A set of tools to compile and roll out your own Hadoop distro for educational or testing purposes.
- CentOS 7 is required.
- SElinux and firewalld should be disabled.
- The install.sh script should be run as root.
- It is also recommended to configure a resolvable FQDN for the host, even thought the default "localhost" should be enough for testing purposes.
Download install.sh and run it as root:
curl -s https://raw.githubusercontent.com/hadoopfromscratch/hadoopfromscratch/master/install.sh | bash
If everything goes well, the software listed below should be up and running.
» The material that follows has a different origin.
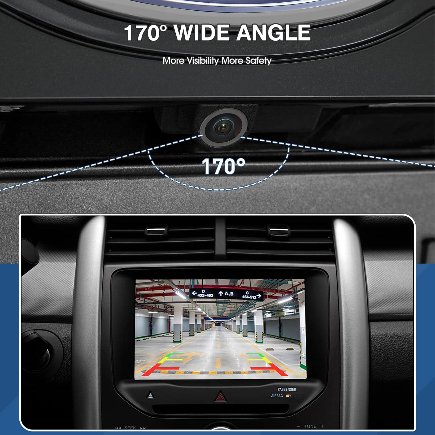 - [Clear Day and Night]: Edge Reversing Parking Assist Camera made of high quality material and lens, support 170Β° wide vision and provides the driver with a clear and accurate color reproduction whenever in the day or night.

You can test if everything works properly by executing the test.sh script:
curl -s https://raw.githubusercontent.com/hadoopfromscratch/hadoopfromscratch/master/test.sh | bash
The script will download, compile, configure and run the following pieces of software:
- Java 8u171
- Ant 1.10.3
- Maven 3.5.3
- Zookeeper 3.4.11
- Hadoop 2.9.0
- Spark 2.3.0
- Hive 2.3.3
- Pig 0.17
- HBase 1.4.3
- Flume 1.8.0
- Sqoop 1.4.7
- Hue 4.1.0
- /opt will contain installed software (each project goes into its own directory)
- /data will contain Hadoop's data
- User's home dir will contain ant and maven directories and all downloaded sources. All its contents can be safely removed after the installation is finished.